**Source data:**
Segment Open
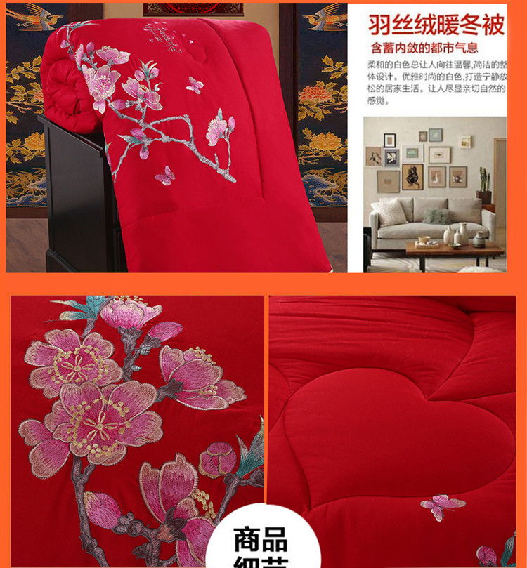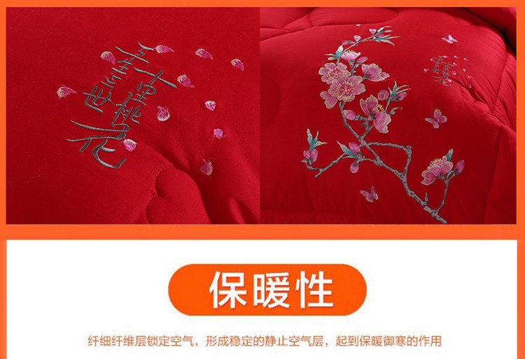 商品名称:玉雅家纺 2025新款全棉婚庆刺绣舒适被婚庆被全棉被 十里桃花-红
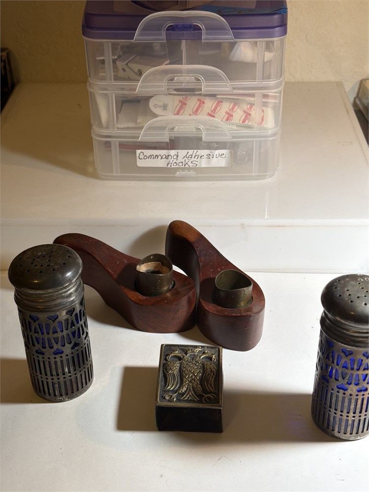 Wood canister holders, silver plate with purple Glass salt and pepper shaker vintage a box of adhesive hooks and napkin holder, Gold  tone
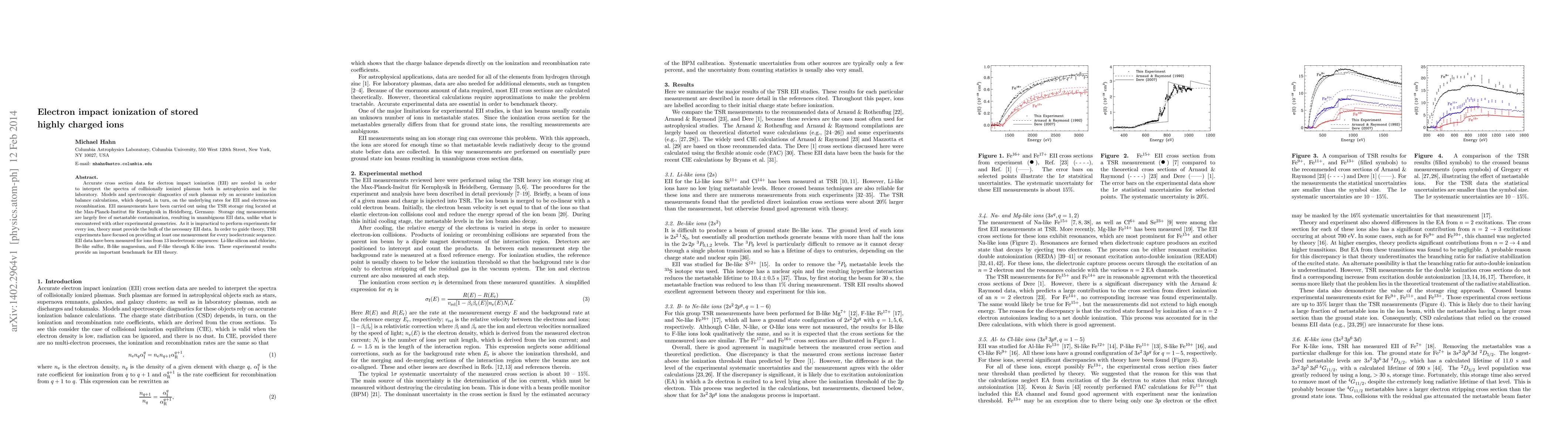 This paper reports electron impact ionization cross section measurements for various highly charged ions using the TSR storage ring, providing crucial data for interpreting spectra in astrophysical and laboratory plasmas. The results serve as benchmarks for theoretical models, guiding future calculations for electron impact ionization.
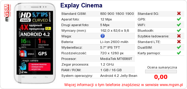 Dane telefonu Explay Cinema na Twojej stronie
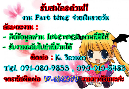 งานเสริมทำชั่วคราว ผ่านเน็ต #รายได้ดี คีย์ข้อมูล ทำงานที่บ้าน รับด่วน ติดต่อทันที !
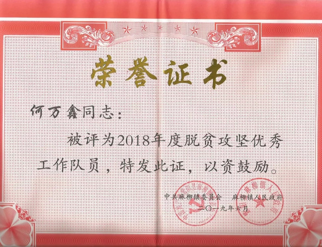 在全國(guó)上下共同慶祝中國(guó)共產(chǎn)黨98歲生日之際,紫陽(yáng)縣麻柳鎮(zhèn)評(píng)選表彰了一批在精準(zhǔn)扶貧工作中成績(jī)突出的基層黨組織和先進(jìn)個(gè)人。安康市群眾藝術(shù)館扶貧駐村工作隊(duì)第一書(shū)記何萬(wàn)鑫同志以其長(zhǎng)期扎根扶貧一線,克服困難,任勞任怨的踏實(shí)態(tài)度和顯著的工作業(yè)績(jī)被麻柳鎮(zhèn)評(píng)選為“優(yōu)秀駐村工作隊(duì)員”,受到表彰獎(jiǎng)勵(lì)。
Segment Closed
**WHAT IS EXPECTED:**
Transcribe every entry word for word, but skip the pictures.

**YOUR SOLUTION:**
 商品名称:玉雅家纺 2025新款全棉婚庆刺绣舒适被婚庆被全棉被 十里桃花-红
 Wood canister holders, silver plate with purple Glass salt and pepper shaker vintage a box of adhesive hooks and napkin holder, Gold  tone
 This paper reports electron impact ionization cross section measurements for various highly charged ions using the TSR storage ring, providing crucial data for interpreting spectra in astrophysical and laboratory plasmas. The results serve as benchmarks for theoretical models, guiding future calculations for electron impact ionization.
 Dane telefonu Explay Cinema na Twojej stronie
 งานเสริมทำชั่วคราว ผ่านเน็ต #รายได้ดี คีย์ข้อมูล ทำงานที่บ้าน รับด่วน ติดต่อทันที !
 在全國(guó)上下共同慶祝中國(guó)共產(chǎn)黨98歲生日之際,紫陽(yáng)縣麻柳鎮(zhèn)評(píng)選表彰了一批在精準(zhǔn)扶貧工作中成績(jī)突出的基層黨組織和先進(jìn)個(gè)人。安康市群眾藝術(shù)館扶貧駐村工作隊(duì)第一書(shū)記何萬(wàn)鑫同志以其長(zhǎng)期扎根扶貧一線,克服困難,任勞任怨的踏實(shí)態(tài)度和顯著的工作業(yè)績(jī)被麻柳鎮(zhèn)評(píng)選為“優(yōu)秀駐村工作隊(duì)員”,受到表彰獎(jiǎng)勵(lì)。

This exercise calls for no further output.